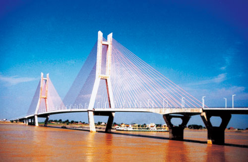 湖北鄂黃長江大橋全長3245米,主橋長1290米,主跨480米,主塔高172.3米,五跨連續雙塔雙索面預應力砼斜拉橋,其主跨居同期同類橋梁亞洲第二、世界第三,2002年9月建成通車。其施工創造了一年完成水下基礎并提前一年完工的長江中下游特大橋施工記錄,被交通部譽為“長江大橋建設的典范”。獲2004年四川省天府杯金獎、2006年國家優質工程銀獎等榮譽。
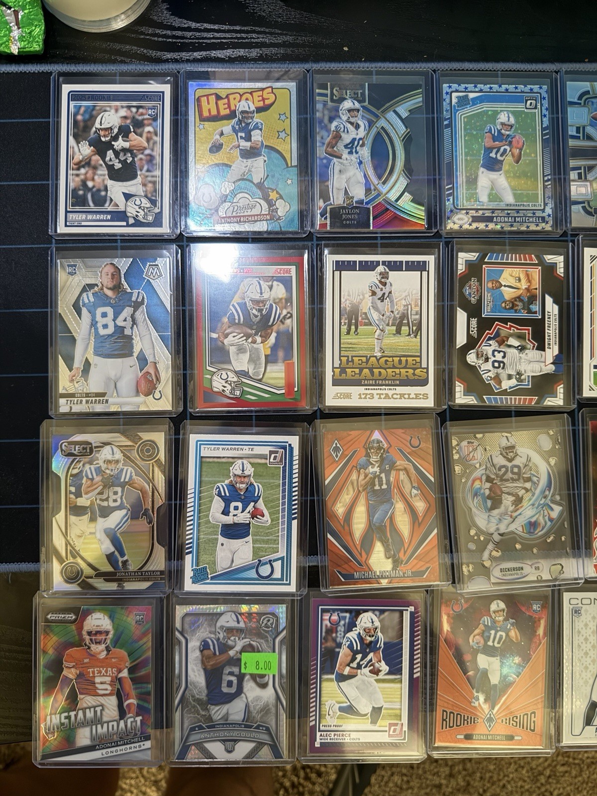 This product is a lot of Indianapolis Colts football cards, featuring a rookie card of Peyton Manning, who is a legendary player for the team. The cards are standard sized, made of card stock, and are original prints licensed by the National Football League (NFL). These sports trading cards are in English and manufactured by Panini, and include inserts that add to their value as collector's items. Perfect for any Indianapolis Colts fan or football card enthusiast, this lot offers a piece of NFL history with a piece of memorabilia from one of the sport's greatest players.
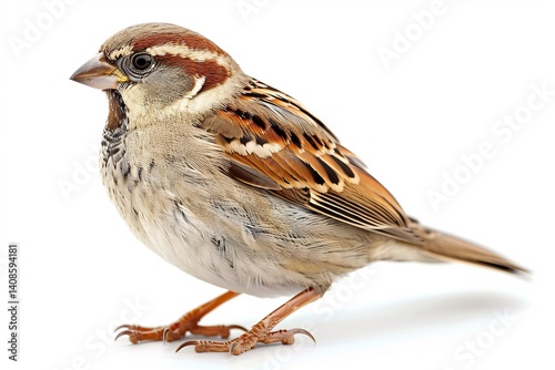Sparrow hopping forward tiny claws barely touching ground delicate feathers ruffled mid motion isolated on a white background
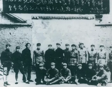 ▲1927年9月9日,以毛泽东为书记的中共湖南省委前敌委员会,领导工农革命军第一师发动湘赣边界秋收起义。图为毛泽东在延安和当年参加秋收起义的部分同志合影。
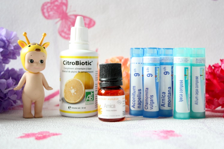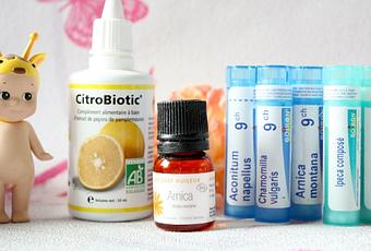 Depuis quelque temps je suis adepte de l'homéopathie, déjà pendant ma grossesse j'en avais pris pour m'aider lors de l'accouchement. Je vous en parlais dans cet article "comment je prépare mon corps à l'accouchement". Je crois que la première chose que j'ai acheté pour fille c'était Chamomilla vulgaris (9ch). Elle souffrait des dents et ce remède est le plus conseillé dans ce cas. Ceci dit, j'ai vu bien après un homéopathe qui m'a plutôt conseillé Belladona pour ma fille. Je ne peux donc que vous conseiller de voir un homéopathe pour savoir quel remède convient le mieux à votre enfant.En cas de fièvre j'utilise Aconitum Napellus (9ch) qui est un très bon remède dans ce cas. Il permet de la faire redescendre ou du moins éviter qu'elle augmente. Je l'avais acheté en prévention car je ne souhaitais pas donner de doliprane et je l'ai utilisé une fois où ma fille n'était pas en forme et était montée à 39. Le remède avait vraiment bien fonctionné!Pour les chocs ou les coups, un classique: Arnica montana (9ch). Un petit remède tellement utile quand bébé commence à se déplacer en rampant, à 4 pattes ou à l'acquisition de la marche. Je donne 3 granules dès qu'il y a un choc, cela va éviter ou limiter l'apparition du bleu et apaiser la douleur.
◇ ◇ ◇ ◇
Retype the data exactly; images stay out.

### THE ANSWER
 湖北鄂黃長江大橋全長3245米,主橋長1290米,主跨480米,主塔高172.3米,五跨連續雙塔雙索面預應力砼斜拉橋,其主跨居同期同類橋梁亞洲第二、世界第三,2002年9月建成通車。其施工創造了一年完成水下基礎并提前一年完工的長江中下游特大橋施工記錄,被交通部譽為“長江大橋建設的典范”。獲2004年四川省天府杯金獎、2006年國家優質工程銀獎等榮譽。
 This product is a lot of Indianapolis Colts football cards, featuring a rookie card of Peyton Manning, who is a legendary player for the team. The cards are standard sized, made of card stock, and are original prints licensed by the National Football League (NFL). These sports trading cards are in English and manufactured by Panini, and include inserts that add to their value as collector's items. Perfect for any Indianapolis Colts fan or football card enthusiast, this lot offers a piece of NFL history with a piece of memorabilia from one of the sport's greatest players.
Sparrow hopping forward tiny claws barely touching ground delicate feathers ruffled mid motion isolated on a white background
 ▲1927年9月9日,以毛泽东为书记的中共湖南省委前敌委员会,领导工农革命军第一师发动湘赣边界秋收起义。图为毛泽东在延安和当年参加秋收起义的部分同志合影。
 Depuis quelque temps je suis adepte de l'homéopathie, déjà pendant ma grossesse j'en avais pris pour m'aider lors de l'accouchement. Je vous en parlais dans cet article "comment je prépare mon corps à l'accouchement". Je crois que la première chose que j'ai acheté pour fille c'était Chamomilla vulgaris (9ch). Elle souffrait des dents et ce remède est le plus conseillé dans ce cas. Ceci dit, j'ai vu bien après un homéopathe qui m'a plutôt conseillé Belladona pour ma fille. Je ne peux donc que vous conseiller de voir un homéopathe pour savoir quel remède convient le mieux à votre enfant.En cas de fièvre j'utilise Aconitum Napellus (9ch) qui est un très bon remède dans ce cas. Il permet de la faire redescendre ou du moins éviter qu'elle augmente. Je l'avais acheté en prévention car je ne souhaitais pas donner de doliprane et je l'ai utilisé une fois où ma fille n'était pas en forme et était montée à 39. Le remède avait vraiment bien fonctionné!Pour les chocs ou les coups, un classique: Arnica montana (9ch). Un petit remède tellement utile quand bébé commence à se déplacer en rampant, à 4 pattes ou à l'acquisition de la marche. Je donne 3 granules dès qu'il y a un choc, cela va éviter ou limiter l'apparition du bleu et apaiser la douleur.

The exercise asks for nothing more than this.